Transcribe the entries below word for word, beginning at the line with "Этот очаровательный набор" and stopping after the line with "Mikrohullámú sütő, Gorenje MO21E1S"; drop all pictures.

● Dataset content
Content starts

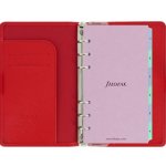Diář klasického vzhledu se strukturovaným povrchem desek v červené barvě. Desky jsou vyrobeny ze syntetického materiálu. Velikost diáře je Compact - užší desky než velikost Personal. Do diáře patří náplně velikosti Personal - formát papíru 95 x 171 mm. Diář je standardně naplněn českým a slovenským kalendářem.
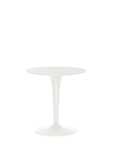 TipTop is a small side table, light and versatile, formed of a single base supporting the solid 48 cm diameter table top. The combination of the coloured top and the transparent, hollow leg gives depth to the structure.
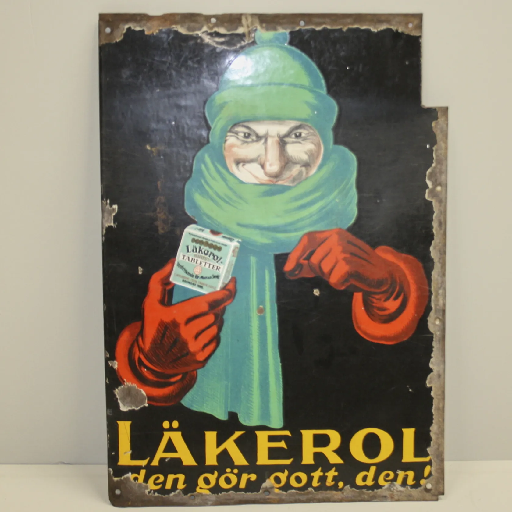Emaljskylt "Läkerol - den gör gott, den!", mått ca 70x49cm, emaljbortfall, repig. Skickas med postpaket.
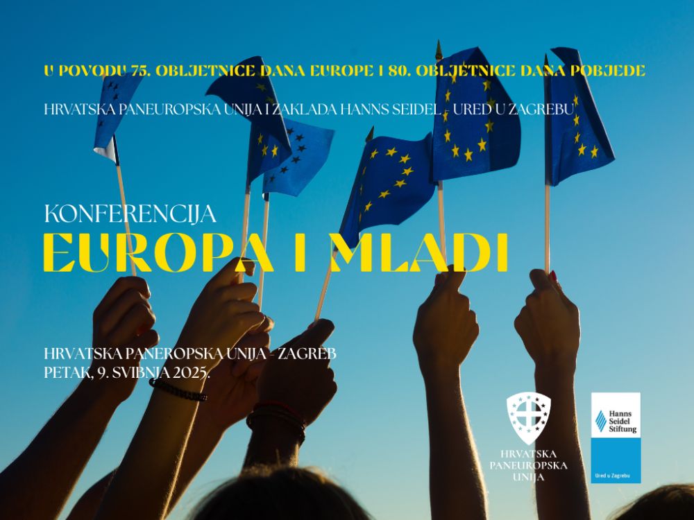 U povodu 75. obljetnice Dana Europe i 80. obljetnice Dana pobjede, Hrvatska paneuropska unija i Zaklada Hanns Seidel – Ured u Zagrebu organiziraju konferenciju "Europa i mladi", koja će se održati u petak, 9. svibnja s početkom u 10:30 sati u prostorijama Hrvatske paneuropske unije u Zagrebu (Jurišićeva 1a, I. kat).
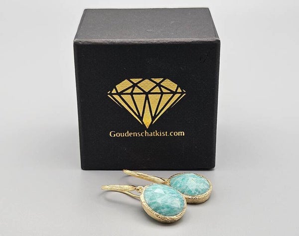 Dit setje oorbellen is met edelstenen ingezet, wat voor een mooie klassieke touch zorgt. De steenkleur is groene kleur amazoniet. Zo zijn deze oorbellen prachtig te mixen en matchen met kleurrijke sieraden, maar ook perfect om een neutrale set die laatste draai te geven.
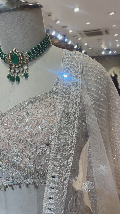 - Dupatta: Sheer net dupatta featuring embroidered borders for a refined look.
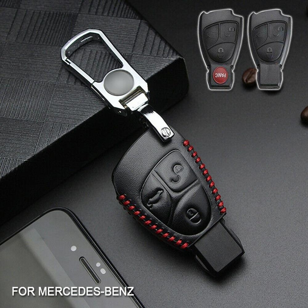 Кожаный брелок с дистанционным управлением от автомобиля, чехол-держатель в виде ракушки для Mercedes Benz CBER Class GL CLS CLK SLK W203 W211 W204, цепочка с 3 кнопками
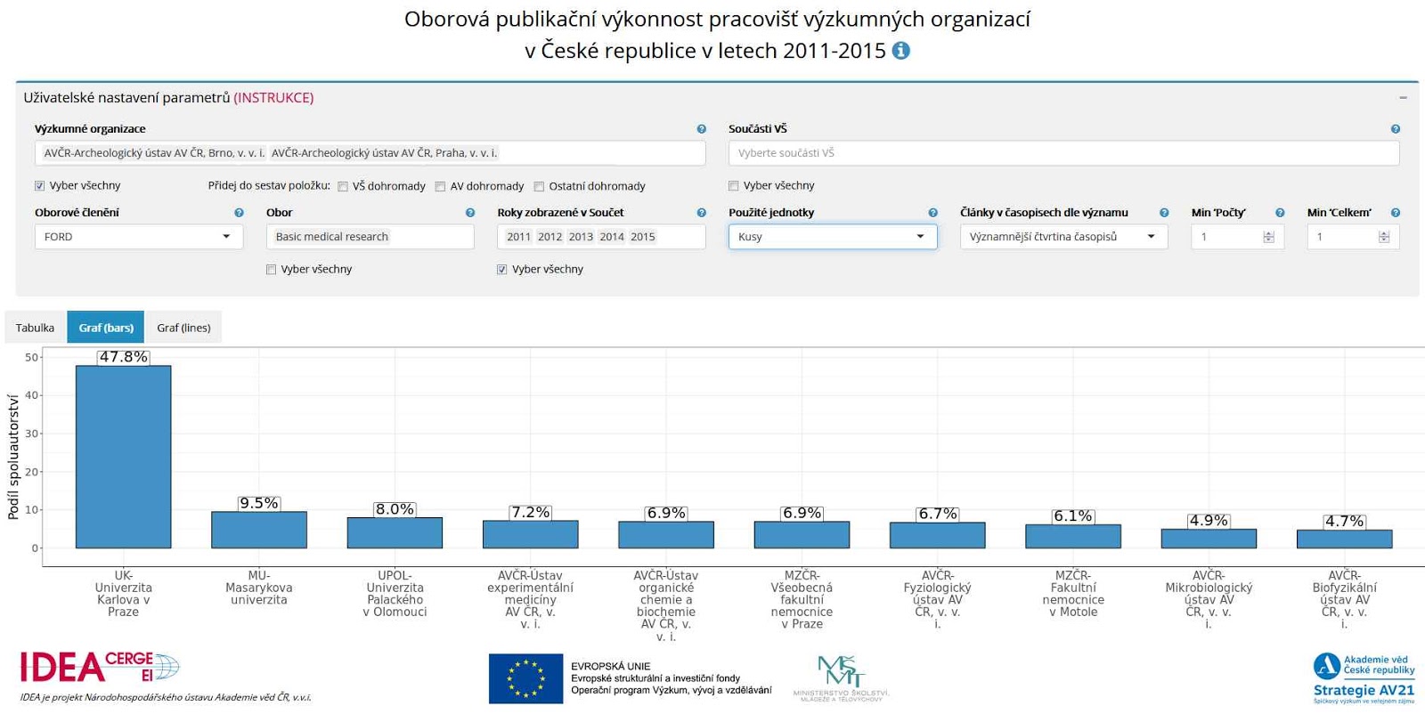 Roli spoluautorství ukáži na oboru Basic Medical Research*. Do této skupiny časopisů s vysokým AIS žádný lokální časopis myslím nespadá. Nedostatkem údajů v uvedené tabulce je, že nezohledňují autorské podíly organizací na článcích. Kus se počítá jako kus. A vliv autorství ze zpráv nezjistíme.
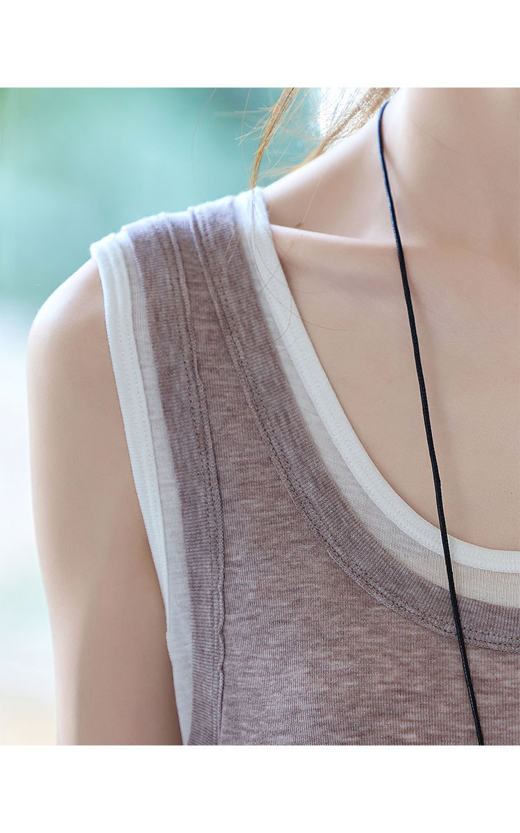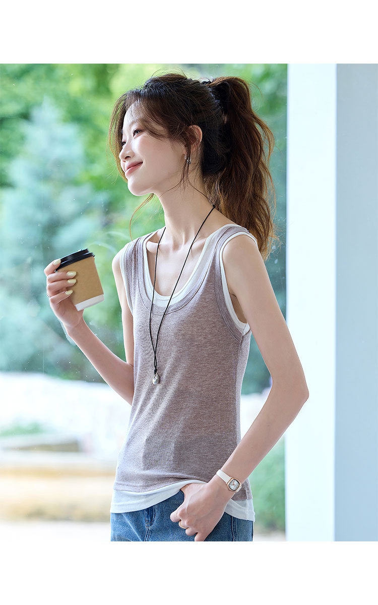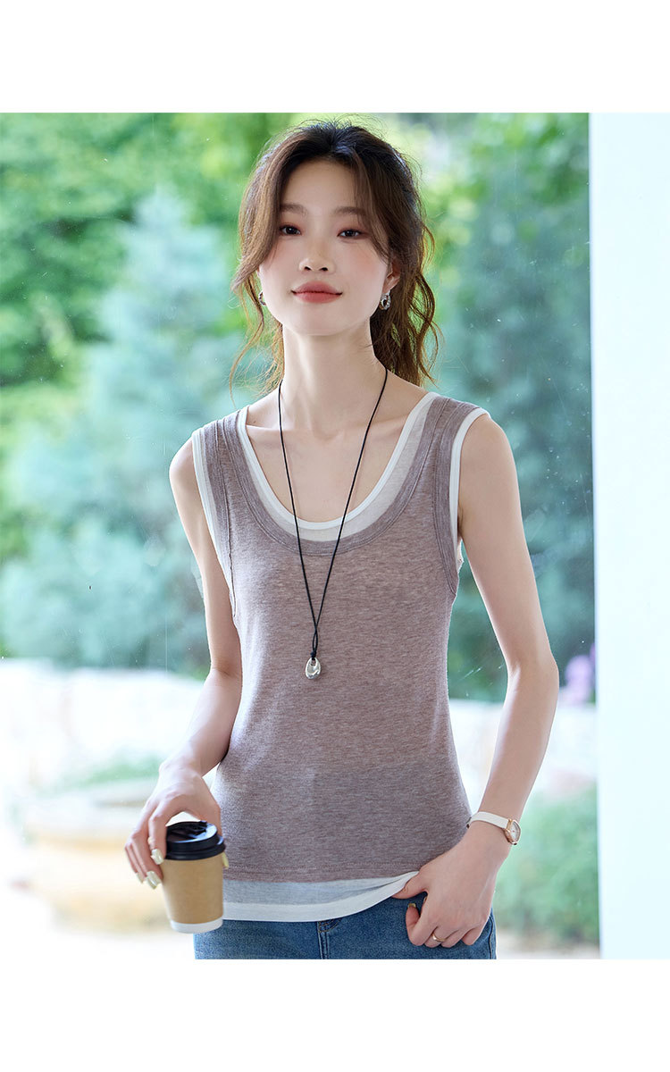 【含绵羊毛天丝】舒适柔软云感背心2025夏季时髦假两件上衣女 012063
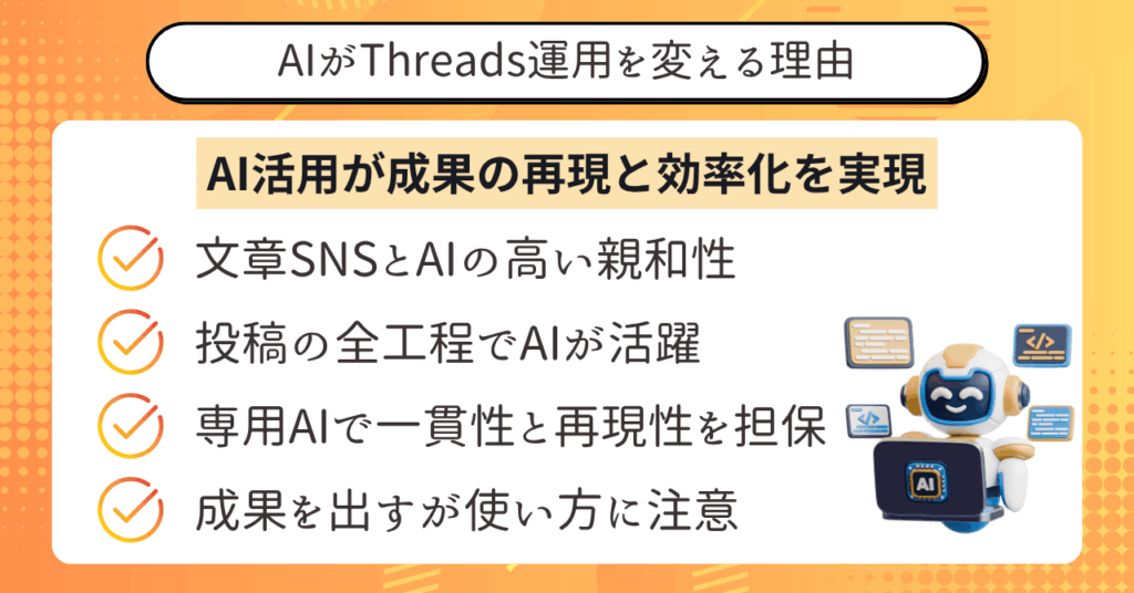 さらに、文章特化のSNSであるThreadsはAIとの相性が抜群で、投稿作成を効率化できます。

Content ends
Content starts

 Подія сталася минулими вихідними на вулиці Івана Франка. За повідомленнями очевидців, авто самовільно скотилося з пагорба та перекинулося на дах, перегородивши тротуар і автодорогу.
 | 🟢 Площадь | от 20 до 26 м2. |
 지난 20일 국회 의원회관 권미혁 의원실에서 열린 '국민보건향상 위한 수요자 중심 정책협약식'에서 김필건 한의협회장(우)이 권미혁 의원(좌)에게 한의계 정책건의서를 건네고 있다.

Content ends
Content starts

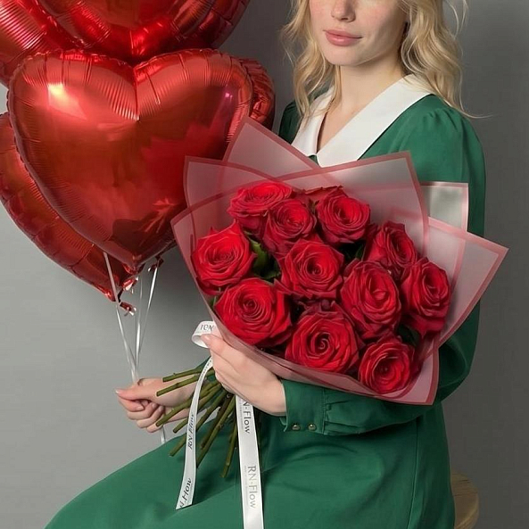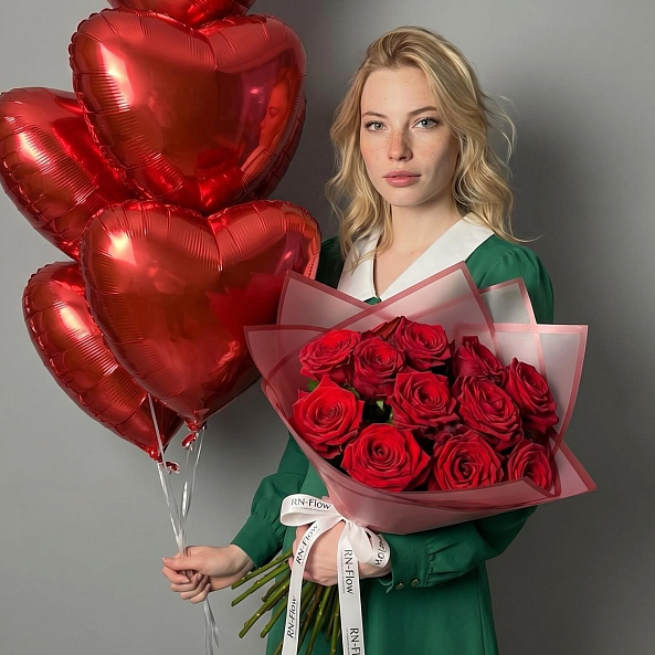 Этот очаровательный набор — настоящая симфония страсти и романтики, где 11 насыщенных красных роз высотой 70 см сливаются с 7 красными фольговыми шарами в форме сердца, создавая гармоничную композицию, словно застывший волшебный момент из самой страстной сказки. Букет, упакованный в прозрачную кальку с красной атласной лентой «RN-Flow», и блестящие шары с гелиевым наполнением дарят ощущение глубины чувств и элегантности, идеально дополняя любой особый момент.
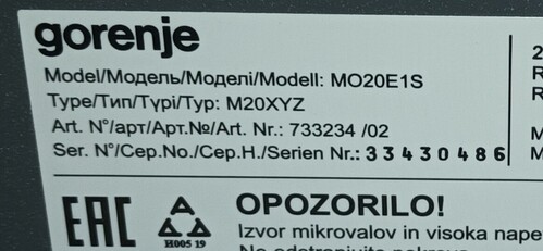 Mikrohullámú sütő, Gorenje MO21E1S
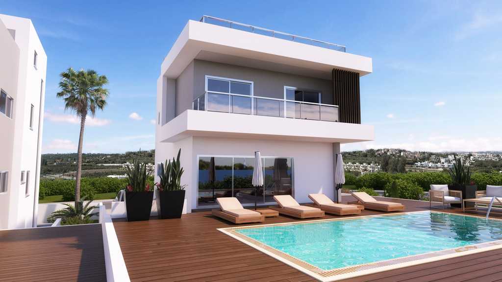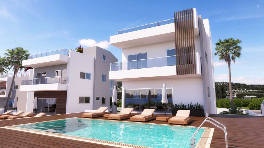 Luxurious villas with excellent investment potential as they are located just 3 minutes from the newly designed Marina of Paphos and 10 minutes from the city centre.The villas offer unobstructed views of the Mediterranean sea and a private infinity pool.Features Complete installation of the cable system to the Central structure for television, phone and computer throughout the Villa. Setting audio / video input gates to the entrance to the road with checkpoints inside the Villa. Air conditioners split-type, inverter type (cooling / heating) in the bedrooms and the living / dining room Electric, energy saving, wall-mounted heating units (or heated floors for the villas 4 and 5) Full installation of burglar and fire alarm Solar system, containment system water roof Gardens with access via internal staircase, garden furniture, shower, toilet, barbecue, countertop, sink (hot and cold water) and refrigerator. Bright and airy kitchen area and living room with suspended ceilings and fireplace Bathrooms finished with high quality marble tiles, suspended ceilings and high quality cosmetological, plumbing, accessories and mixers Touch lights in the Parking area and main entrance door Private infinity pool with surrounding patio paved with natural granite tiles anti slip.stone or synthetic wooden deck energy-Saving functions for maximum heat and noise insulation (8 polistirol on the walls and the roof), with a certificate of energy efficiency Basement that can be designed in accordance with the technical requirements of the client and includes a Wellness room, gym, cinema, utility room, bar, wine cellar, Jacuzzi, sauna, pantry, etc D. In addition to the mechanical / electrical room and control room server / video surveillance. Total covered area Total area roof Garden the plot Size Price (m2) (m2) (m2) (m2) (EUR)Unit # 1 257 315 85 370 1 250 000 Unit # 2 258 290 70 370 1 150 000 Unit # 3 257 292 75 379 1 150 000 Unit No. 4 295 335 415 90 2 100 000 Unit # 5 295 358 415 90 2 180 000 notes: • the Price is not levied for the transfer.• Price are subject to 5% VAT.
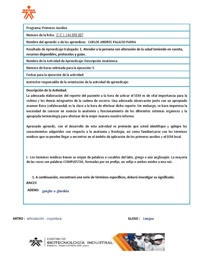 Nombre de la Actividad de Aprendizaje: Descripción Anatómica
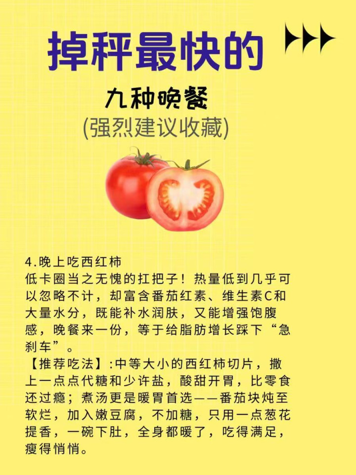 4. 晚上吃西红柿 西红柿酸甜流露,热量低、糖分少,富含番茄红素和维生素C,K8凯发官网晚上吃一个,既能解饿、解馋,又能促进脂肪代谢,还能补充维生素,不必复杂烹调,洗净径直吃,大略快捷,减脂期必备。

Content ends

● Answer space
 Этот очаровательный набор — настоящая симфония страсти и романтики, где 11 насыщенных красных роз высотой 70 см сливаются с 7 красными фольговыми шарами в форме сердца, создавая гармоничную композицию, словно застывший волшебный момент из самой страстной сказки. Букет, упакованный в прозрачную кальку с красной атласной лентой «RN-Flow», и блестящие шары с гелиевым наполнением дарят ощущение глубины чувств и элегантности, идеально дополняя любой особый момент.
 Mikrohullámú sütő, Gorenje MO21E1S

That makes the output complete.